In his paintings at the Hallward Gallery, Michael Canning adheres with exceptional resolution to a single pictorial scheme, one he has pursued for some time now. The only variation comes when he doubles up his images in diptychs. Each individual image features a botanically exact, stylised representation of a wild flower, which springs in isolation from a dark foreground space. Beyond, a patchwork of fields recedes into the distance, usually fading into mist. Above, large flocks of birds fly in extensive formations.
Titles refer to composers and Irish saints. Canning builds his images with glazes of oil paint and wax. Their surfaces are incredibly smooth and polished, even glassy, but the impulse toward perfection is thwarted by inbuilt scrapes and blemishes, as though we are looking at things not newly made but already old, in keeping with the work's generally retrospective, elegiac air.
There are several references to orderly systems in the paintings: the patterns assumed by the birds in flight, the grid-like division of the landscape into fields, the evocation of botanical classification in the carefully descriptive accounts of the plants. Yet, apropos the latter, while Canning is an exact observer, perhaps pointedly he doesn't name the plants or sort them into taxonomic groupings, but instead anchors the paintings to other, subjective personal experiences.
In fact he relishes the arbitrary way the wild flowers catch his attention - and there is the fact that they are wild, naturally occurring and in some cases regarded as weeds. One can discern an ongoing dialogue concerning nature and culture, order and disorder, pattern and amorphousness, all underpinned by a moody reflectiveness, and the paintings are, incidentally, beautifully made.
Two veteran painters, John Bellany and Albert Irvin, happen to have shows running in Dublin at the moment. Bellany is Scottish and Irvin English, and over the years they have built up warm relationships with Ireland. Both exhibitions are very strong.
Bellany, whose Celtic Visions is at the Solomon, is a narrative painter whose work is fundamentally autobiographical and often allegorical. He comes from the small fishing community of Port Seton, and the sea and mortality, something inescapably associated with fishing, have been constants in his paintings.

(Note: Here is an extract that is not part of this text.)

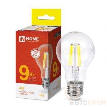 Лампа светодиодная LED-A60-deco 9Вт грушевидная прозрачная 3000К тепл. бел. E27 1040лм 230В IN HOME 4690612008066

Besides which, he has been face to face with his own mortality more than once, having received a liver transplant in 1989, and being "technically dead for 10 minutes" after a heart attack last June.

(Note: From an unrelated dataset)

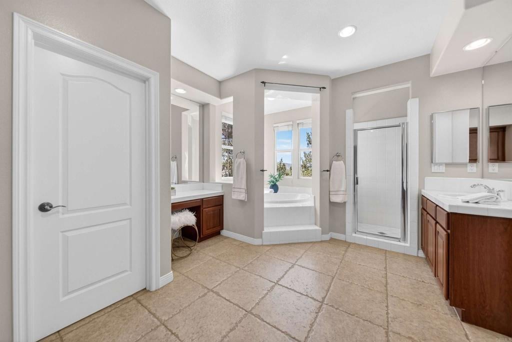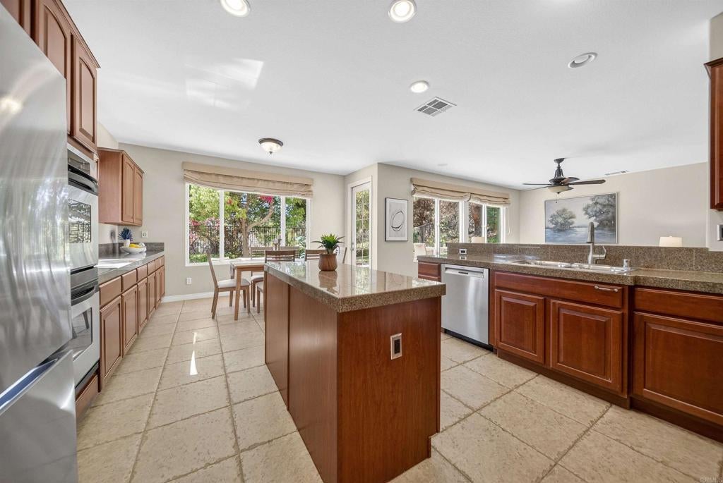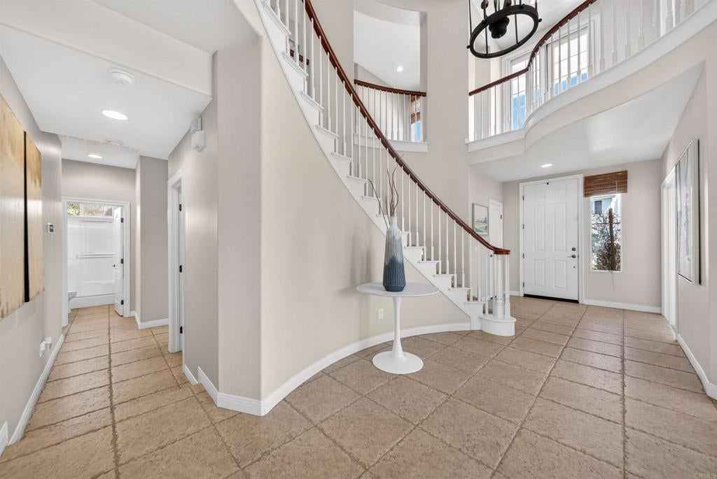 Beautifully nestled in San Elijo Hills on a 1/4 acre corner lot in the gated community of Promontory Ridge, this home features fresh exterior paint that creates gorgeous curb appeal and a memorable first impression. Step inside to a sweeping spiral staircase entry that creates a grand focal point and welcoming introduction to the home. The thoughtfully designed layout includes formal living and dining rooms, a chef’s kitchen that opens to the spacious family room and tranquil backyard, and a convenient entry-level bedroom with full bathroom. Upstairs offers two additional bedrooms, an office that could easily be converted into another bedroom, and an expansive primary suite featuring a flexible bonus retreat space, spa-like bathroom, and walk-in closet with built-in organizers. The backyard extends along the side of the home, creating an expansive outdoor area with plenty of room for entertaining, play, or future possibilities for building a pool or custom outdoor retreat. Enjoy close proximity to parks, trails, and the vibrant San Elijo Hills Town Square, all while being zoned for San Elijo Elementary, San Elijo Middle, and San Marcos High School.

Hardly surprising, perhaps, that there is a brooding, introspective atmosphere to his recent work. Well, relatively speaking, for he is someone whose relish for life comes through in his painting, and it does so here. His style is graphic and highly coloured. The recent paintings muse on life, death and relationships, and they record extensive travels, from Kerry to China. Although the palette is typically bright, his use of colour is slightly muddier than heretofore which, as it happens, works very well. Bellany can also take an absolutely straight genre, like still life, and work wonders with it. The still lifes in the show are really terrific.
Irvin is an abstract painter who also works with bright, intense colour, engineering dynamic compositions with layers of vibrant acrylic or gouache. He employs favoured motifs - parallel bands, boxes, quatrefoils - in exceptionally busy, buoyant compositions that positively sing with energy. Everything depends on Irvin pitching it perfectly, and he does, with tremendous verve and a great eye for colour.